DOI: 10.1093/bjs/znad258.754 ISSN:

174 Functional Outcomes in Older Patients Following Major Limb Amputation

S Jamal, J Luckhurst, K Hussey
  • Surgery



More than 5,000 major limb amputations (MLA) are performed annually in the United Kingdom. The relationship between medical co-morbidity and frailty is complex and can have an adverse effect on both mortality and functional capacity. This may be particularly important for older patients. We have attempted to define functional outcome by describing place of discharge, functional capacity and limb-fitting.


This was a retrospective review of a prospectively collated data set on MLA performed in a single Scottish Health Board (NHS Greater Glasgow and Clyde). Older patients were defined as those over 80-years at the time of MLA. Primary outcome measures were place of discharge, functional capacity at the time of follow-up and successful limb fitting.
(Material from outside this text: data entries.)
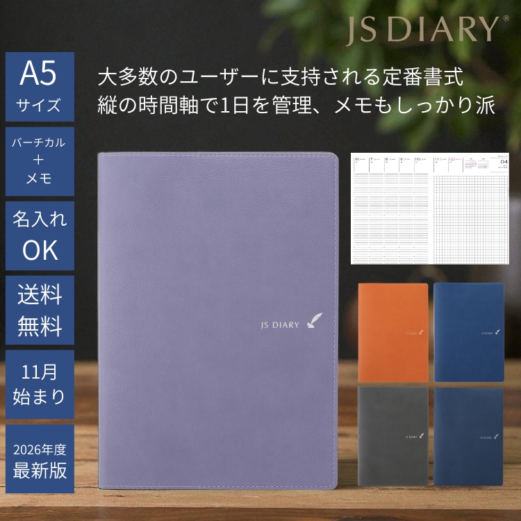 2026年 手帳 JSダイアリー A5 週間 バーチカル+メモ【レーザー名入れ無料】【メール便送料無料】 2025年11月始まり[2025年10月27日から使用可] ◇
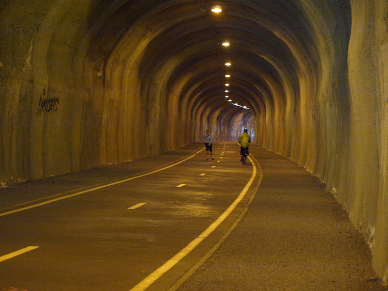 Bev loves tunnels because it’s easier to ride through a mountain than over it. Riding through dark tunnels like the one above is a very good reason to have lights on your bike.
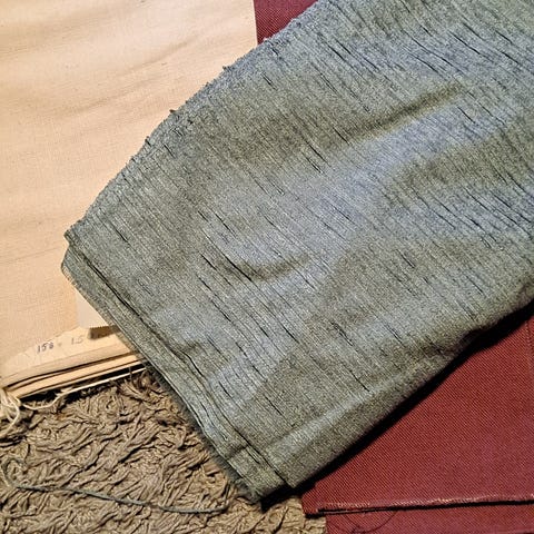 Erilaisia sisustus ja huonekalukankaita sekä yksi tikkikangaspala
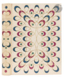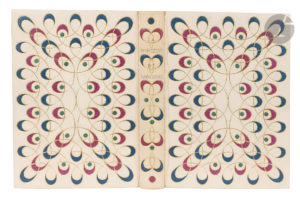 Maroquin ivoire, plats ornés d’un riche décor de boucles dorées entrelacées et mosaïquées de maroquins rouge et bleu foncé, entourant plusieurs pastilles de maroquin vert foncé, dos lisse orné dans le même esprit, doublures bord à bord et gardes de box vert, tranches dorées sur témoins, couverture et dos conservés, chemise à dos à bandes à rabats de maroquin bleu foncé, étui bordé (Georges Cretté).

There were 389 consecutive MLAs performed of which 33 were in patients over the age of 80-years. There were 3 (9.4%) inpatient deaths, and the median duration of stay was 57-days. Only 13 (43.3%) patients were discharged home to independent living. The remaining patients were discharged to either supported living or nursing home care. There were 13 (43.3%) patients who were discharged bed bound. Only 7 (21.2%) were successfully limb-fitted. At 12-months 22 (73.3%) of patients were dead.


MLA in older patients is associated with loss of function and therefore loss of independence. Most patients have died within a year of surgery. These data should help modify expectations for patients, families and clinicians and will help with the process of informed consent.